G. Defendants' Motion in Limine #7

Defendants' MIL #7 seeks to preclude all testimony, newspaper articles, and media accounts regarding officer involved shootings and/or use of force issues around the County. Defendants assert such evidence is irrelevant, inadmissible hearsay, highly prejudicial, and would lead to confusion of the jury.
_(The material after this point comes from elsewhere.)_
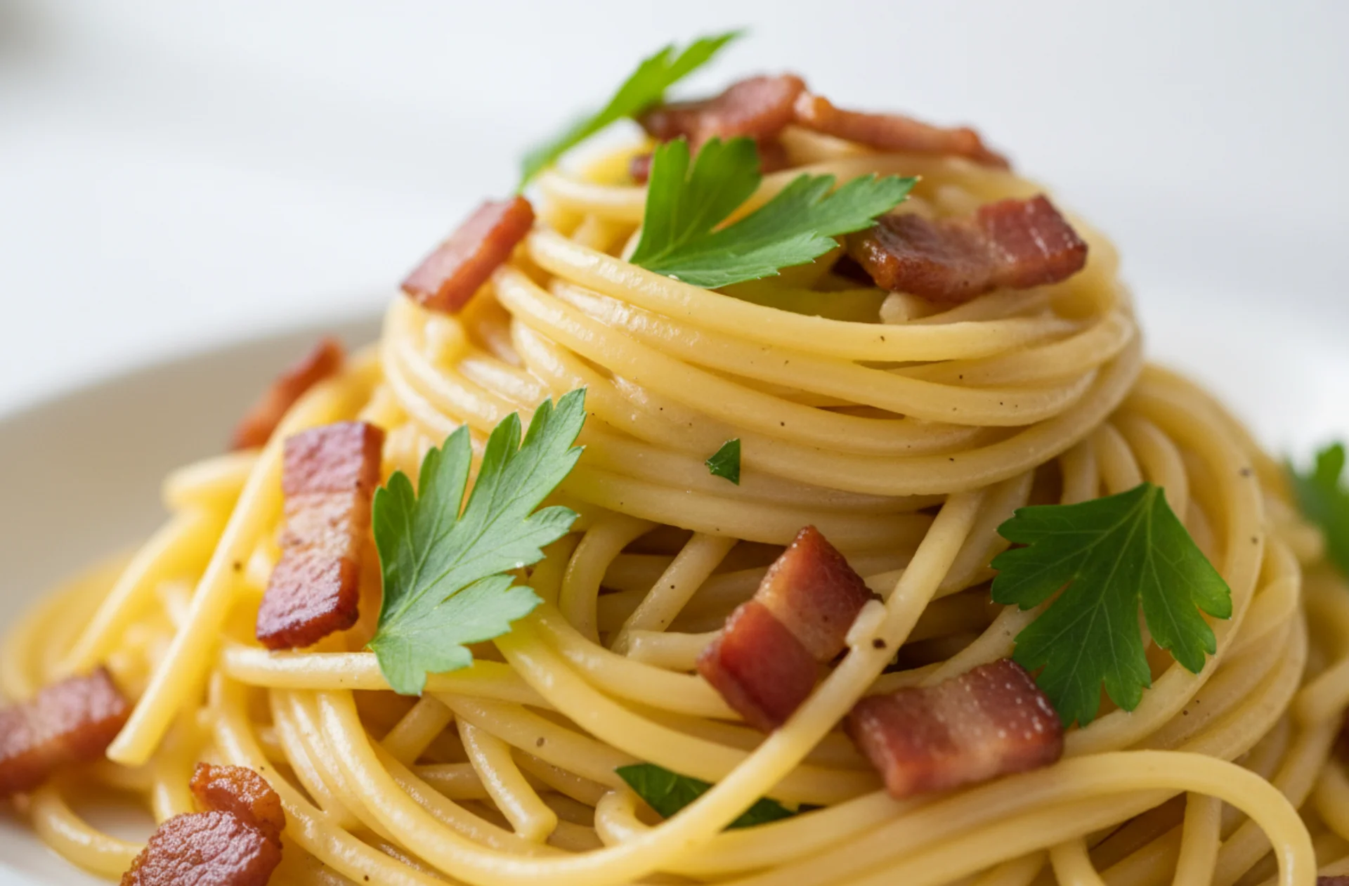 Para terminar, cuando la pasta esté lista, la retiramos, escurrimos y la servimos en el plato con la salsa por encima. Espolvoreamos un poco de perejil picado y ponemos dos o tres rollitos de jamón. Y… ¡Listo para servir!.

Under Fed. R. Evid. 403, this evidence is not relevant to any issues pertaining to Plaintiff's excessive force or malicious prosecution claims. Additionally, even if any of this evidence was relevant, the probative value of such evidence is substantially outweighed by the prejudicial nature of the evidence as the jury may use such evidence to infer Defendants' culpability. Pursuant to Larez and Green, such evidence is irrelevant, inadmissible hearsay, and has the likelihood of confusing the jury. Therefore, Defendants' MIL #7 is GRANTED.

IT IS SO ORDERED.

FootNotes


1. The Court notes that Plaintiff also failed to file an Opposition to Defendants' MIL #2, #4, #5, #6, or #7.
2. See also Eisenstadt v. Allen, 113 F.3d 1240, 1997 WL 211313, at *2 (9th Cir. April 28, 1997)(unpublished opinion)(citing Larez, 946 F.2d at 642); AFMS LLC v. United Parcel Service Co., 105 F.Supp.3d 1061, 1070 (C.D. Cal. 2015)(citing Larez, 946 F.2d at 642).